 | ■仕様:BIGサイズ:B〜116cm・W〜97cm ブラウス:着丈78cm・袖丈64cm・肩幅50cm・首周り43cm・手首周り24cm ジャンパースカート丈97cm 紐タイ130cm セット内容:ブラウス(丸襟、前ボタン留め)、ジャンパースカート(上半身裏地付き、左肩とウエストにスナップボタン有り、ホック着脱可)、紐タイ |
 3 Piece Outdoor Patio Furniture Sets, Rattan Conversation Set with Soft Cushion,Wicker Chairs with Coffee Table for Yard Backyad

* * *

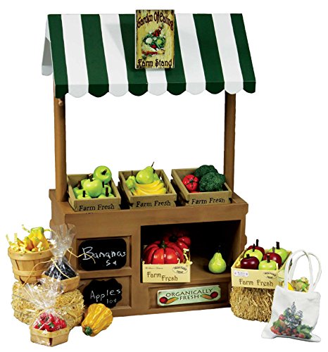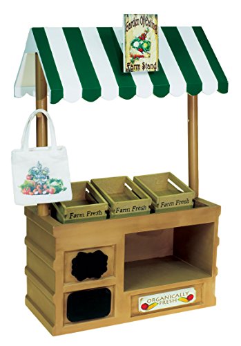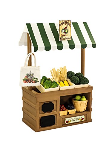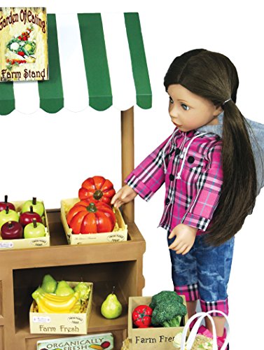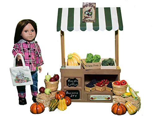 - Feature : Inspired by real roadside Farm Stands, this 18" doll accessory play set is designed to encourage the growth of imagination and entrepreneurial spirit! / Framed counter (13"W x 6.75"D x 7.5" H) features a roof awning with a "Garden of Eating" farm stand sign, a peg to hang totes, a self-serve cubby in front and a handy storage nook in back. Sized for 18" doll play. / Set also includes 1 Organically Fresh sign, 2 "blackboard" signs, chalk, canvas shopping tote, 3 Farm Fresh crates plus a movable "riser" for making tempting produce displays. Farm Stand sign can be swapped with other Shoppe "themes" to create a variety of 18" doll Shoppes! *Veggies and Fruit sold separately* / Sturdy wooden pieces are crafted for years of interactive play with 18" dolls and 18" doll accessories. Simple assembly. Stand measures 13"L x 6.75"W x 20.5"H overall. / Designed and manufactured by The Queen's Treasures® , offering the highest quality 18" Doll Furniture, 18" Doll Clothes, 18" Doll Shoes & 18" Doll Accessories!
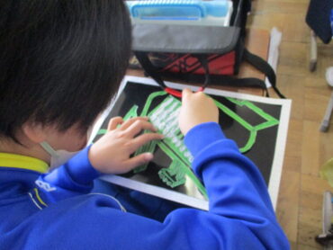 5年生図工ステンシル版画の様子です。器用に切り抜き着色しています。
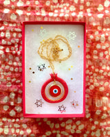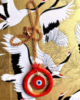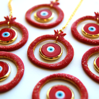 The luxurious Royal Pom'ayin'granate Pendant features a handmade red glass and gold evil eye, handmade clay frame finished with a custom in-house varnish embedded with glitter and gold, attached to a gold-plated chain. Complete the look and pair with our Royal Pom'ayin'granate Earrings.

● WHAT IS BEING ASKED: Would you transcribe the lines above exactly, going from the line bearing "- Feature : Inspired" through the line bearing "The luxurious Royal", and drop the pictures from the copy?

● REPLY TO THE TASK:
 - Feature : Inspired by real roadside Farm Stands, this 18" doll accessory play set is designed to encourage the growth of imagination and entrepreneurial spirit! / Framed counter (13"W x 6.75"D x 7.5" H) features a roof awning with a "Garden of Eating" farm stand sign, a peg to hang totes, a self-serve cubby in front and a handy storage nook in back. Sized for 18" doll play. / Set also includes 1 Organically Fresh sign, 2 "blackboard" signs, chalk, canvas shopping tote, 3 Farm Fresh crates plus a movable "riser" for making tempting produce displays. Farm Stand sign can be swapped with other Shoppe "themes" to create a variety of 18" doll Shoppes! *Veggies and Fruit sold separately* / Sturdy wooden pieces are crafted for years of interactive play with 18" dolls and 18" doll accessories. Simple assembly. Stand measures 13"L x 6.75"W x 20.5"H overall. / Designed and manufactured by The Queen's Treasures® , offering the highest quality 18" Doll Furniture, 18" Doll Clothes, 18" Doll Shoes & 18" Doll Accessories!
 5年生図工ステンシル版画の様子です。器用に切り抜き着色しています。
 The luxurious Royal Pom'ayin'granate Pendant features a handmade red glass and gold evil eye, handmade clay frame finished with a custom in-house varnish embedded with glitter and gold, attached to a gold-plated chain. Complete the look and pair with our Royal Pom'ayin'granate Earrings.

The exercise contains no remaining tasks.